(SUPPLIED ENTRIES)

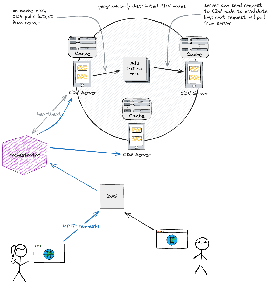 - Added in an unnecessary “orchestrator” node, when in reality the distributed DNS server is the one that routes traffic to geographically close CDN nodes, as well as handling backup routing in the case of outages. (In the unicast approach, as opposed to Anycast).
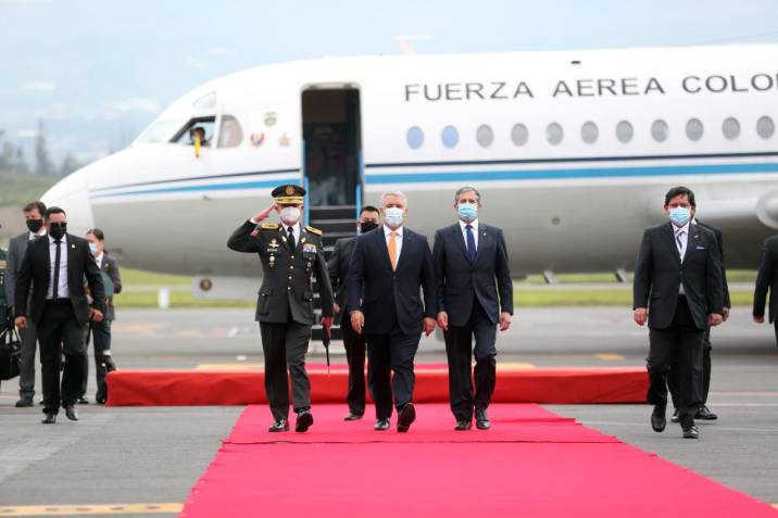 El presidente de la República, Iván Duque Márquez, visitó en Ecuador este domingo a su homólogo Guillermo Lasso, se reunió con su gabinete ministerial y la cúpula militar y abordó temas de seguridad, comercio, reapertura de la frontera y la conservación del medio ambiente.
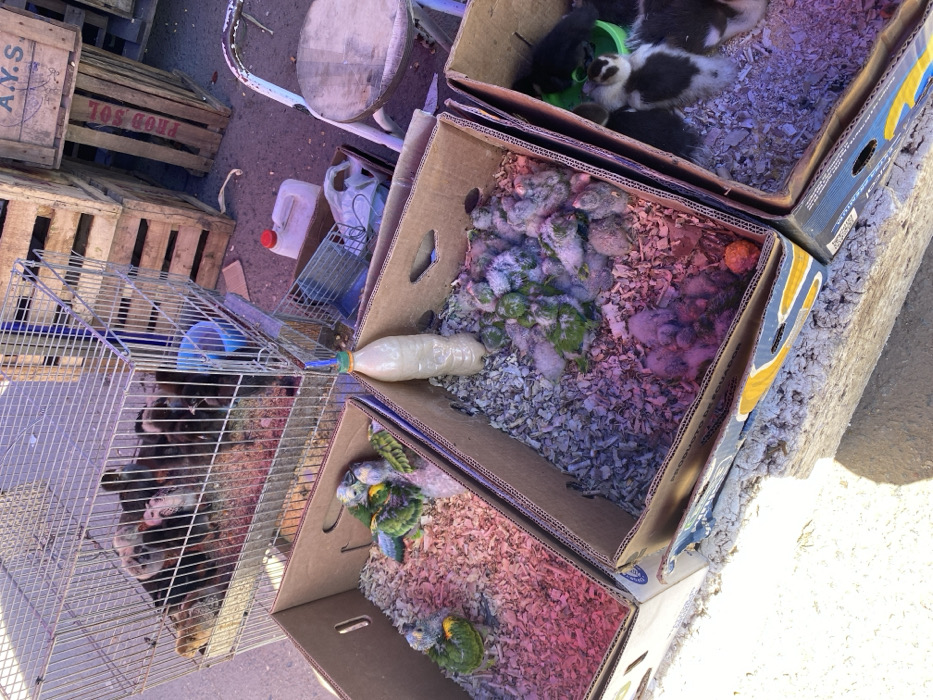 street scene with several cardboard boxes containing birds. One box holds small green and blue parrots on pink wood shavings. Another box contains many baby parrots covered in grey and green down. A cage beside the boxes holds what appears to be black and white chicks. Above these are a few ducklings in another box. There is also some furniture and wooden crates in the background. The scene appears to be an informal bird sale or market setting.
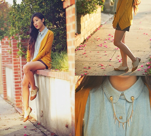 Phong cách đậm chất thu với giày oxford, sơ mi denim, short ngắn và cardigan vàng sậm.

(End SUPPLIED ENTRIES)
(SUPPLIED ENTRIES)

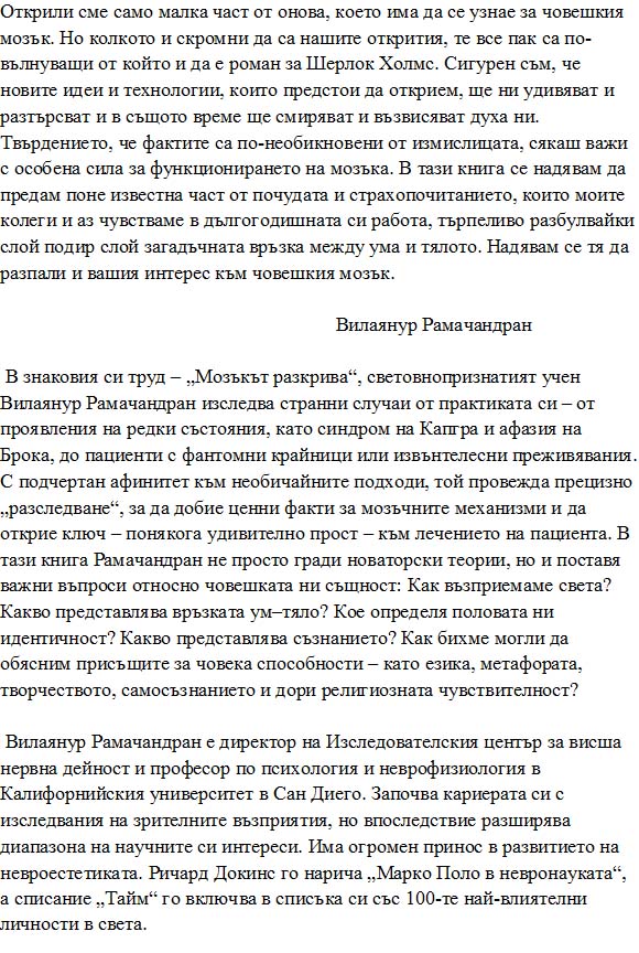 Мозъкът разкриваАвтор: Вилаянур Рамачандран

(End SUPPLIED ENTRIES)

__ASSIGNMENT__
Excluding any pictures, print exactly the lines of the listing above from the line with "street scene with" to the line with "Phong cách đậm", both ends included.

__ANSWER FOR THE TASK__
 street scene with several cardboard boxes containing birds. One box holds small green and blue parrots on pink wood shavings. Another box contains many baby parrots covered in grey and green down. A cage beside the boxes holds what appears to be black and white chicks. Above these are a few ducklings in another box. There is also some furniture and wooden crates in the background. The scene appears to be an informal bird sale or market setting.
 Phong cách đậm chất thu với giày oxford, sơ mi denim, short ngắn và cardigan vàng sậm.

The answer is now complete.